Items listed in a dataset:

=== Begin Enclosure ===

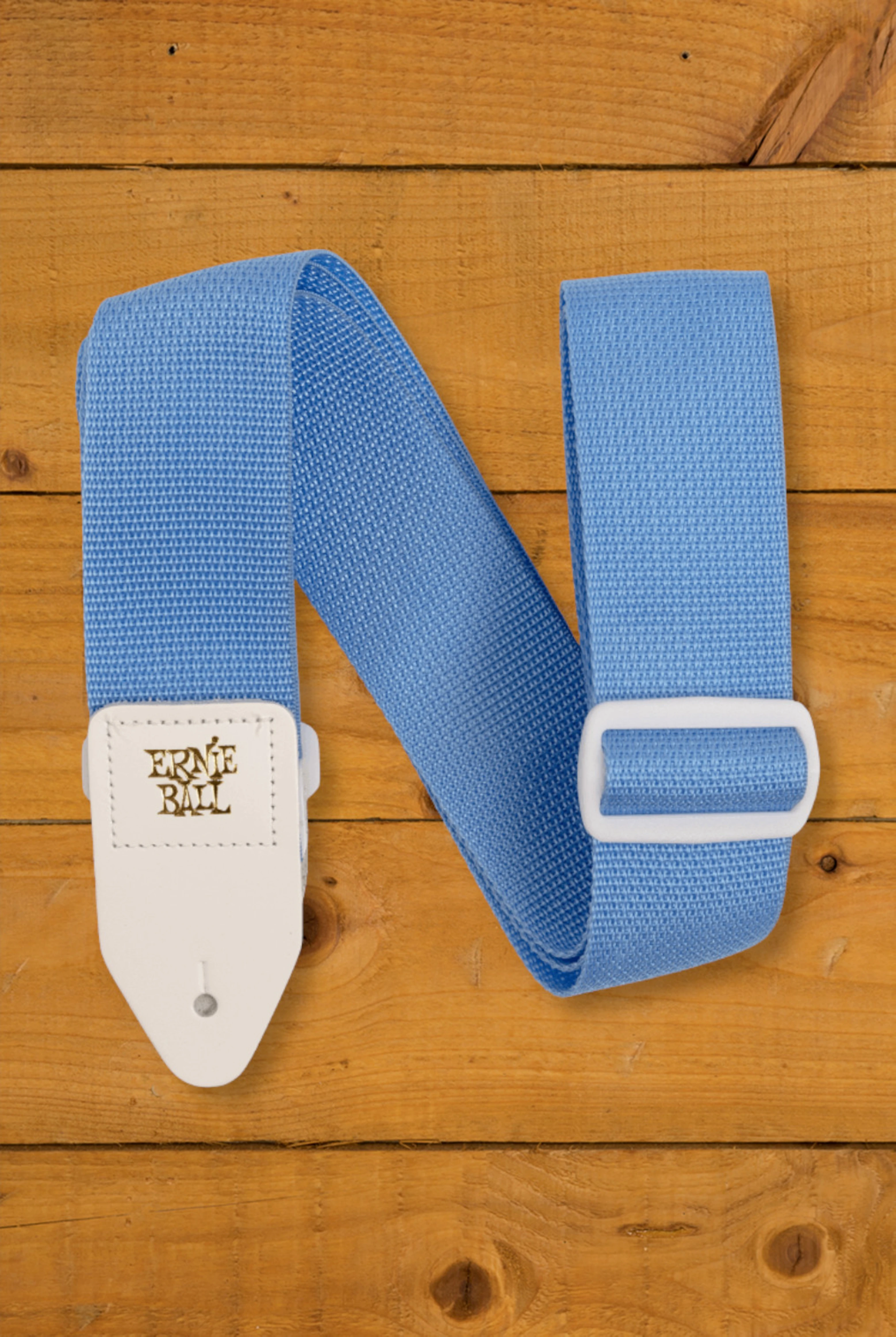 Skip to content Ernie Ball Polypro Guitar Strap/Bass Strap - Soft Blue w/White Ends
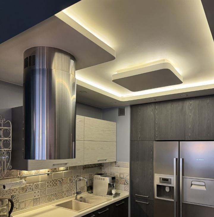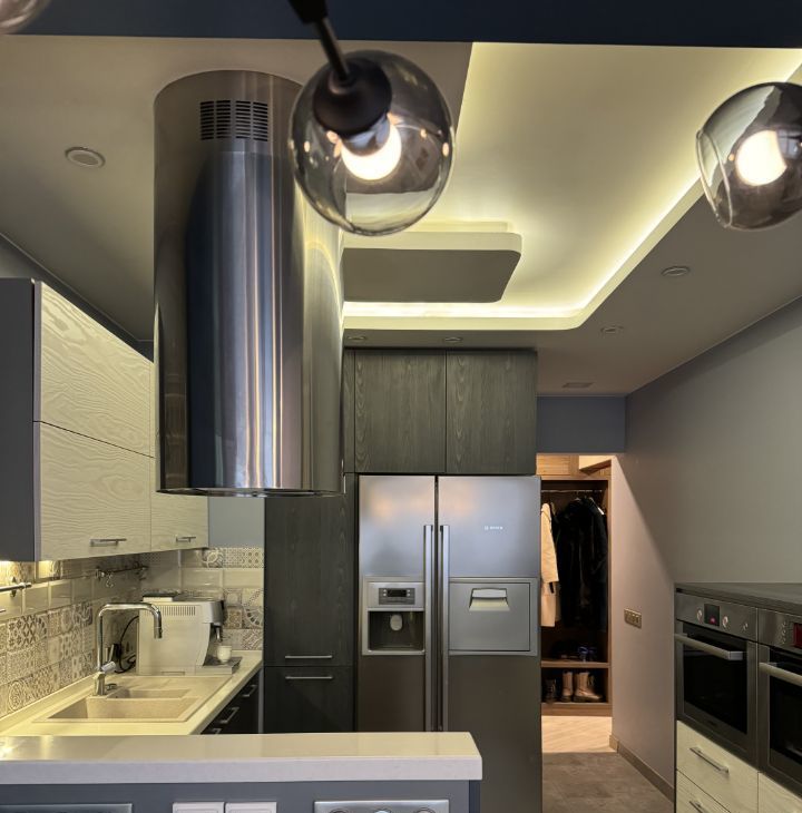 Просторная кухня имеет две зоны - для приготовления вкусных ужинов и для теплых встреч у камина.
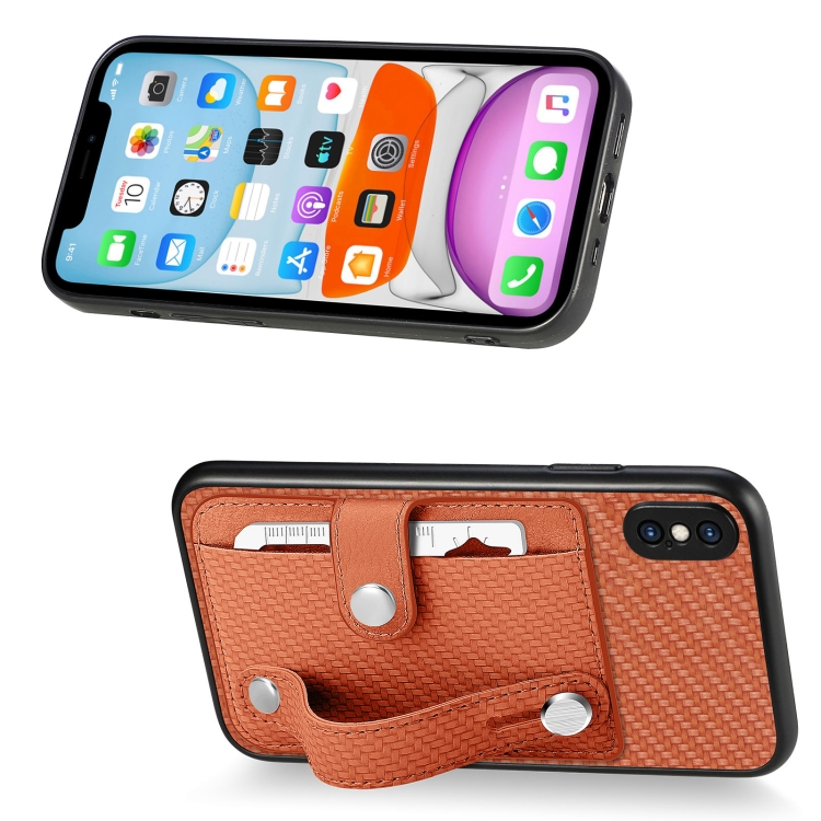 Funda para iPhone Xs Max Wristband Kickstand Card Wallet Back Cover con Tool Knife (Marrón)
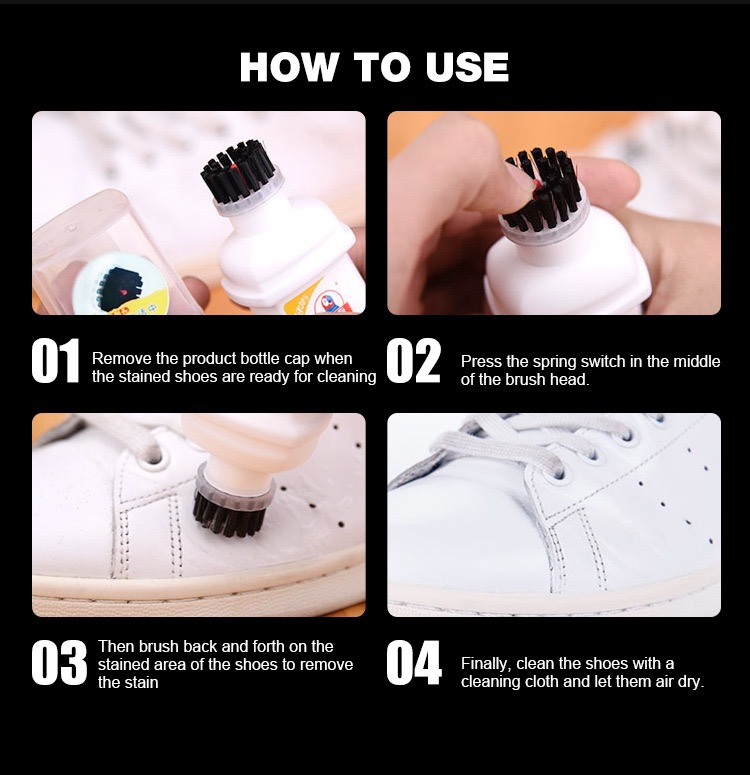 منظف الاحذية الرياضية مع فرشاةشامبو تنظيف الأحذية الرياضية دون الحاجة للغسيل أو استخدام الماء لإزالة الأوساخ والبقع لجميع ألالوان بسعة 100 ملي
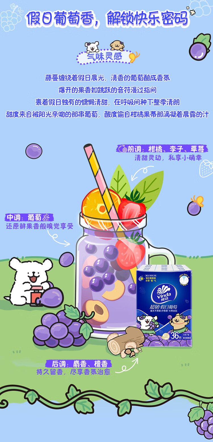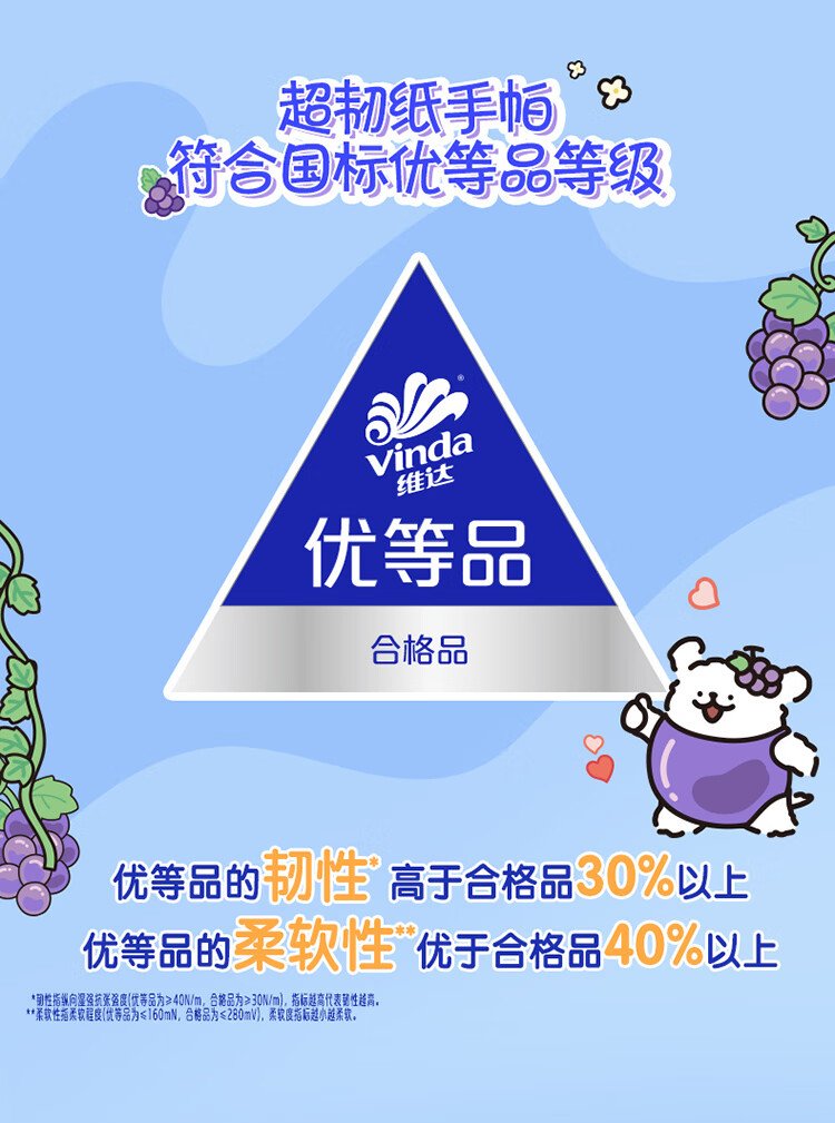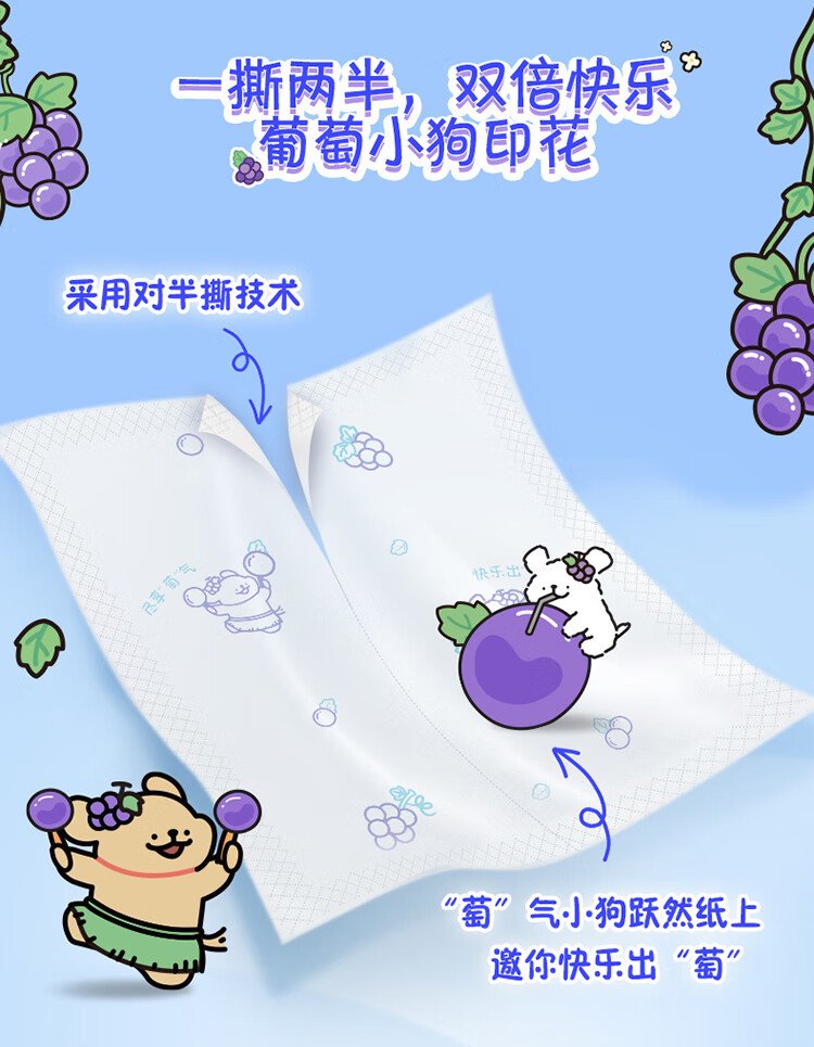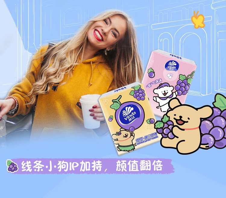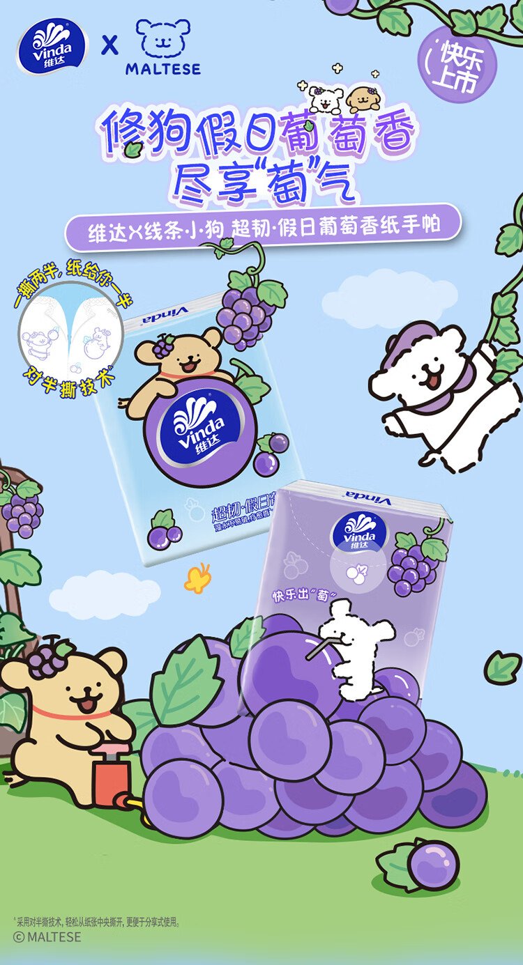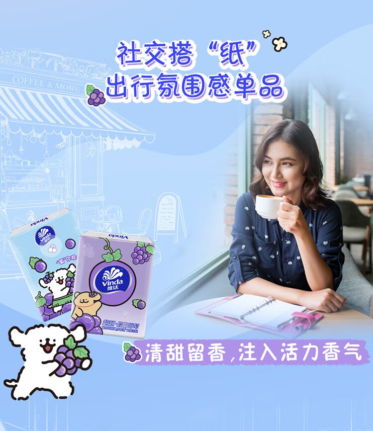 Vinda x line puppy super tough grape scented handkerchief paper 4 layers 7 sheets 36 pack not easy to break when wet thickened paper towels
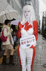 中新網(wǎng)3月25日電 據(jù)日本共同社報(bào)道,美國動物保護(hù)組織“PETA”的一名加拿大籍女性成員24日在東京赤坂的加拿大駐日本大使館前,以全身僅穿內(nèi)衣的方式抗議捕獵海豹獲取毛皮。
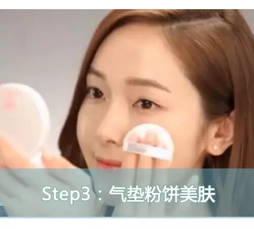 Step3:接着用今年大热的化妆单品——气垫粉饼均匀的涂抹在脸部
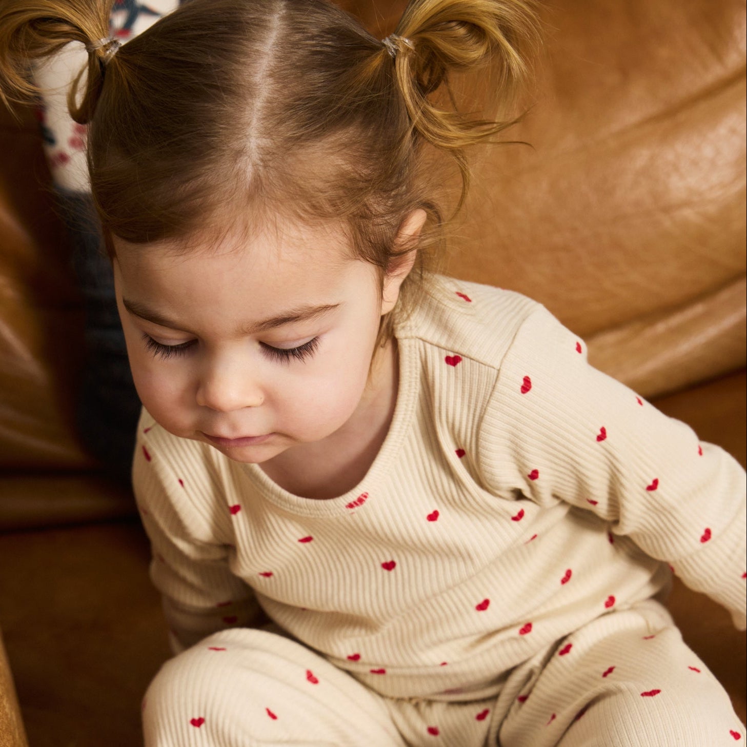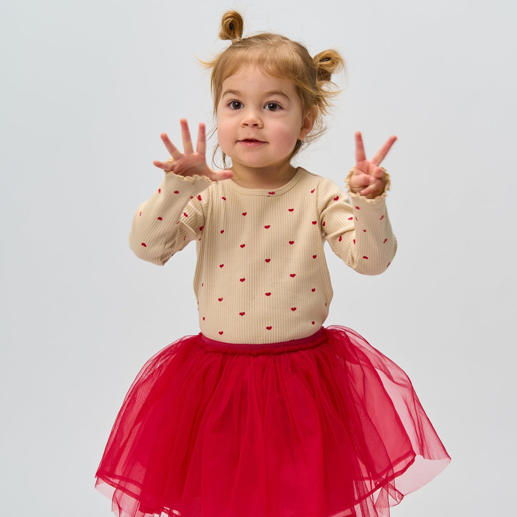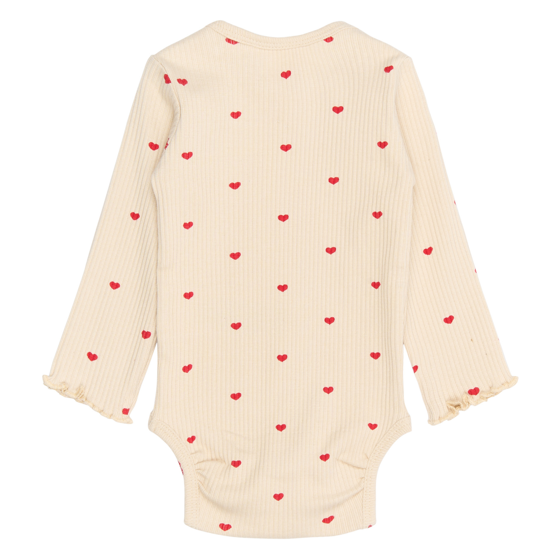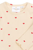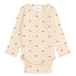 Denne i en fin råhvid farve med et charmerende heldækkende print af små hjerter og babylock-kant nederst i ærmerne, der sammen tilføjer et sødt og feminint touch.

=== End Enclosure ===

PROBLEM REQUIREMENTS >> Exactly the lines above from the one that contains "中新網(wǎng)3月25日" down to the one that contains "Step3:接着用今年大热的化妆单品——气垫粉饼均匀的涂抹在脸部" are to be output, both ends kept and pictures omitted.

TASK SOLUTION >>
 中新網(wǎng)3月25日電 據(jù)日本共同社報(bào)道,美國動物保護(hù)組織“PETA”的一名加拿大籍女性成員24日在東京赤坂的加拿大駐日本大使館前,以全身僅穿內(nèi)衣的方式抗議捕獵海豹獲取毛皮。
 Step3:接着用今年大热的化妆单品——气垫粉饼均匀的涂抹在脸部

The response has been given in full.